Akademik Veri Yönetim Sistemi
JOURNAL OF MOLECULAR STRUCTURE, cilt.1323, 2025 (SCI-Expanded)
A coupling precursor, 4-hexanoyl-5-methyl-2-phenyl-2,4-dihydro-3H-pyrazol-3-one, 1 synthesized by the reaction of 3-methyl-1-phenyl-1H-pyrazol-5-one with hexanoyl chloride was reacted with 2-aminophenol to synthesize (E)-4-(1-((2-hydroxyphenyl)imino)hexyl)-5-methyl-2-phenyl-2,4-dihydro-3H-pyrazol-3-one, 1a. The compounds were characterized by conventional spectroscopic techniques, 1H and 13C NMR, UV-Visible, FTIR spectroscopy and single crystal X-ray crystallograpic structural determinations and computational techniques. To augment the experimental data, DFT calculations were carried. Molecular dockings were used to predict the interactions between, 1a with some biological targets.
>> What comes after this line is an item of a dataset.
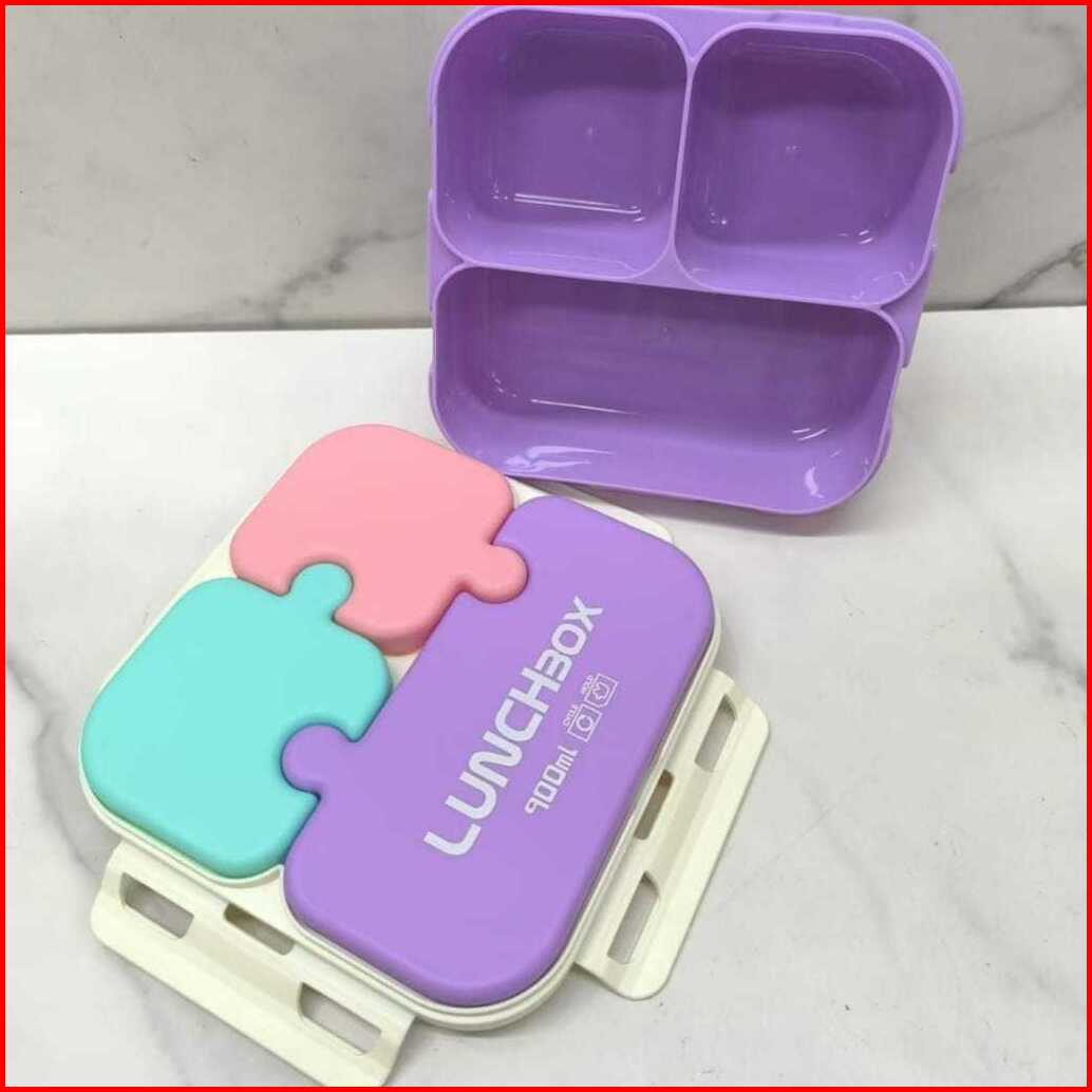 Lunch Box Terbaru Puzzle Kotak Makan 3 Sekat Free Sendok Kapasitas 900ml Takasimura Store

The binding free energies in the Plasmepsin II active sites indicated anti-malarial activity against P. falciparum in epidermal growth factor receptor (EGFR) inhibition, anti-inflammatory properties against human peroxiredoxin 5, and anticancer properties. With binding energies less than -5.00 kcal/mol, the results indicate that 1a is a potential drug target for anti-inflammatory, antimalarial and anti-cancer properties.